Before we created Bobcat, we had worked for many years with similar tools. As the platforms we built were centered around reusable components, we found ourselves in need of easier ways to compose page objects and, ultimately, represent key user journeys. Finally, we decided to merge our knowledge and experience to create one tool to help us with our automated testing.
Our goal was to create a maintainable, stable, and scalable framework. We wanted to help not only to test our pages but also to test AEM authoring.
We decided to use Selenium which was the most advanced tool for such goals in those days. We also used Guice for dependency injection and the Page Object pattern. It was not an easy task, but finally, Bobcat was born.
Since then, it has undergone many changes and a lot of development:
- going open-source
- keeping up with new AEM versions
- moving to Selenium 3 and JUnit 5
- incorporating new ideas to make the creation of automated tests easier
It was a great adventure and learning experience, but all good things come to an end.
The world of test automation has changed since the first version of Bobcat was released. New ideas and approaches (like Cypress) have become more and more popular with more functionality and larger communities behind them. Even in the Selenium environment, more mature and powerful frameworks were developed (Selenide, Serenity, webdriver.io, to name only a few).
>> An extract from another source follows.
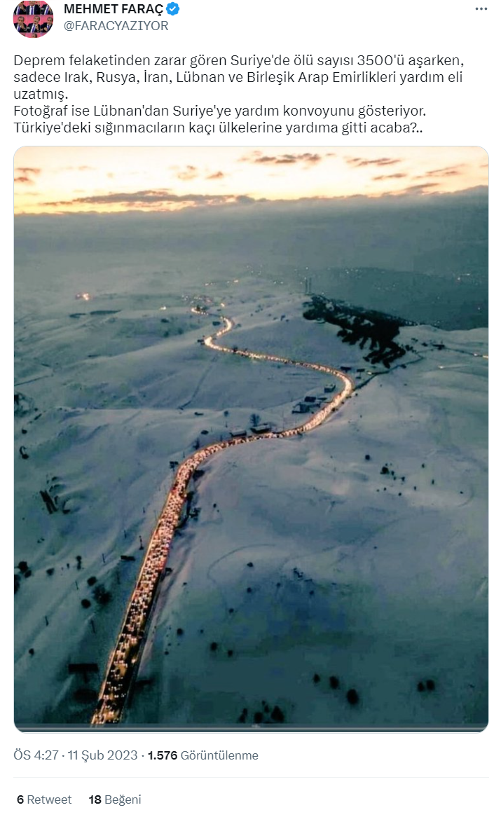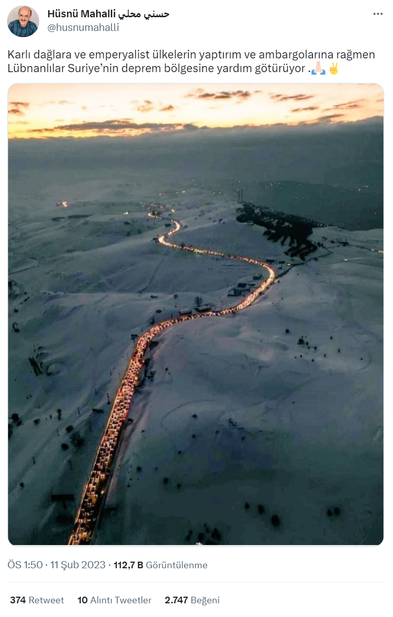 Fotoğrafın Suriye’ye deprem yardımı götüren Lübnan konvoyunu gösterdiği iddiası

Bobcat core code has aged and keeping up with new requirements and new Selenium versions (incoming 4.0) would require a lot of effort. It wouldn't be a simple refactor but many core features would have to be written from scratch.
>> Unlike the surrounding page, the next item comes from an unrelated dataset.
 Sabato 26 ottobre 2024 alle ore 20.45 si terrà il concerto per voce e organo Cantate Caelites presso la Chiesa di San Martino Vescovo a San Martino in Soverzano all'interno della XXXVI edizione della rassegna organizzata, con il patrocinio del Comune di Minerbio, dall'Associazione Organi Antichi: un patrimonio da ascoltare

The last reason is quite simple. We, the maintainers, have chosen to concentrate on new challenges ahead.
Bobcat is still here, the code, documentation, but there won't be any future updates or releases. Version 2.3.0 is the last one. The framework should work as long as browsers support Selenium 3.
At the time of writing of this post, Selenium 4 is still in beta. Although there's no clear road map yet, at some point, it will become widely adopted and support for Selenium 3 by major browsers may be dropped. If you're using Bobcat, you can use this time to adjust. One option would be to fork Bobcat (the beauty of open-source projects) and maintain it. Alternatively, you could plan a migration to another framework.
As mentioned earlier, it was a great adventure but for our incarnation of Bobcat, it is the end of the road.